Today, the house of Breguet continues in this vein – innovation, invention and vision are the brand’s goals, each to be aimed for without ever losing sight of the art of haute horology craftsmanship.
This may well be why the brand has registered more than 100 patents in the past ten years, including several that advanced the technology within the tourbillon escapement, materials and technology. Among those advancements: the Twin Tourbillon (patented in 2006) and the winding stem and time-setting device for the Twin Tourbillon. Additionally, the brand works with silicium and forward-thinking materials to blend past, present and future into time.
Inside
A walk through the Breguet factory proves its dedication to that creed. This is a brand that has changed nearly its entire watch collection in the past five years. Its staff has grown in the past decade from about 250 watchmakers and artisans to 1,000. From the raw materials to the making of the tools with which to create the watches, to the movement parts and more – Breguet is a vertically integrated manufacture that puts precision and craftsmanship first. Every watch that is built carries its own serial number and each undergoes excessive testing and quality control before being sold and logged into the continuously kept Breguet ledgers.
Within the Manufacture – which is currently undergoing expansion – each important aspect of watchmaking has its own home. The Sympathetique clock and Traditional watches are built in the Marie Antoinette room (these watches are also made here) in which twenty master craftsmen toil to create these special pieces.
There is a separate top-secret room where the brand’s incredible array of tourbillons is built. In fact, Breguet is among the largest producers of tourbillons anywhere, and it has the largest offering of the whirling wonders on the market with twenty-one different types of tourbillons and seven different tourbillon cages.

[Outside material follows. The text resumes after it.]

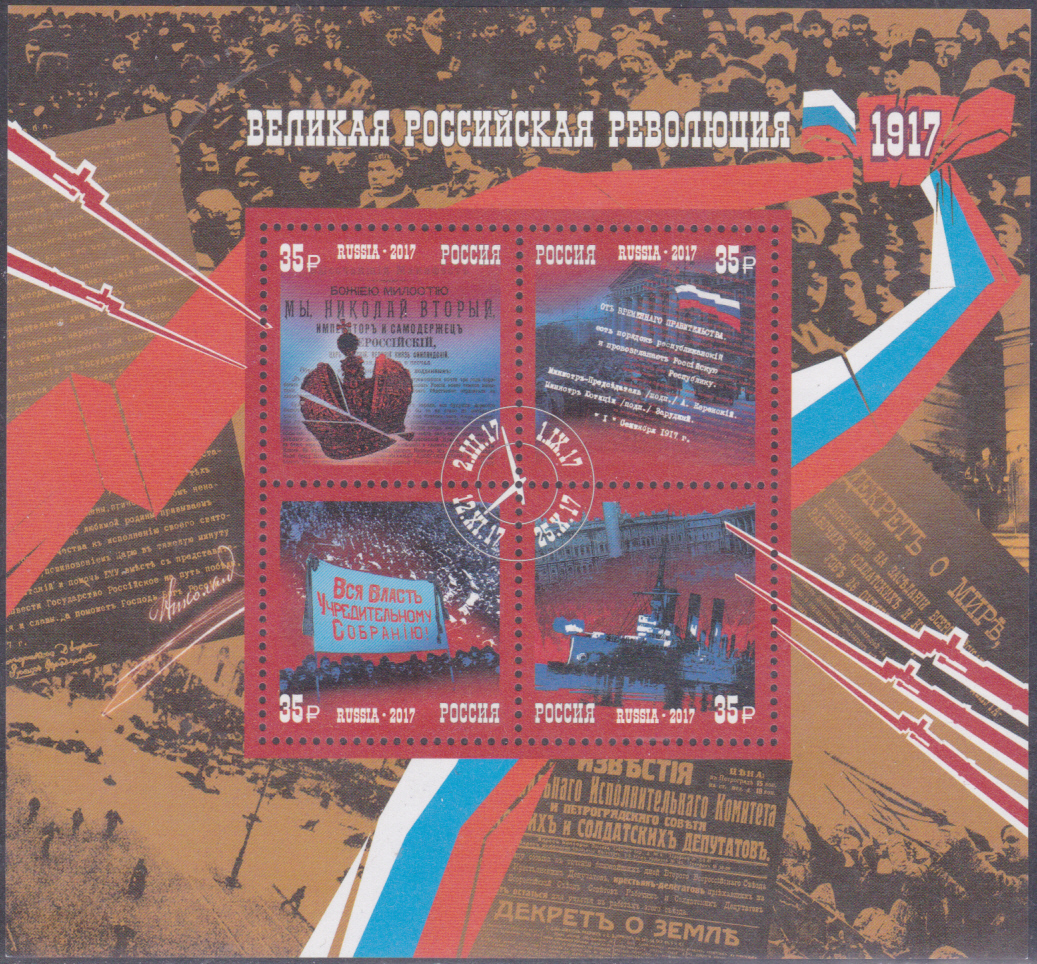Dies ist Thema der vierten und letzten Marke (MiNr 2421): sie zeigt zur Oktoberrevolution den Sturm auf das Winterpalais und den Kreuzer Aurora.
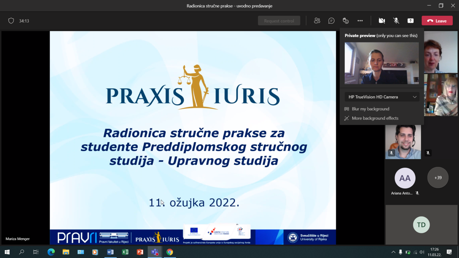 Članovi projekta Praxis Iuris održali su 11. ožujka 2022. online radionicu za studente Preddiplomskog stručnog studija – Upravnog studija. Radionica je, kao njegov poseban modul, održana u sklopu kolegija Stručna praksa čiji su nositelji izv. prof. dr. sc. Sandra Laleta i izv. prof. dr. sc. Vanja Smokvina s Katedre za radno i socijalno pravo, a radionici […]

Another room houses the specialists responsible for building the brand’s minute repeaters and the Musicale. Engraving, polishing and finishing takes place in a larger area where artisans work side by side perfecting their art on metal. Breguet even makes and tests the chain and fusee for its fusee and chain watches in its workshops.
Of course watch movement assembly, watch assembly, complete on-premises dial stamping and much more all exist symbiotically – much the way traditional watchmaking was done in the past, but with a distinctive look to the future thanks to computers, high-tech materials and top-secret engineering feats.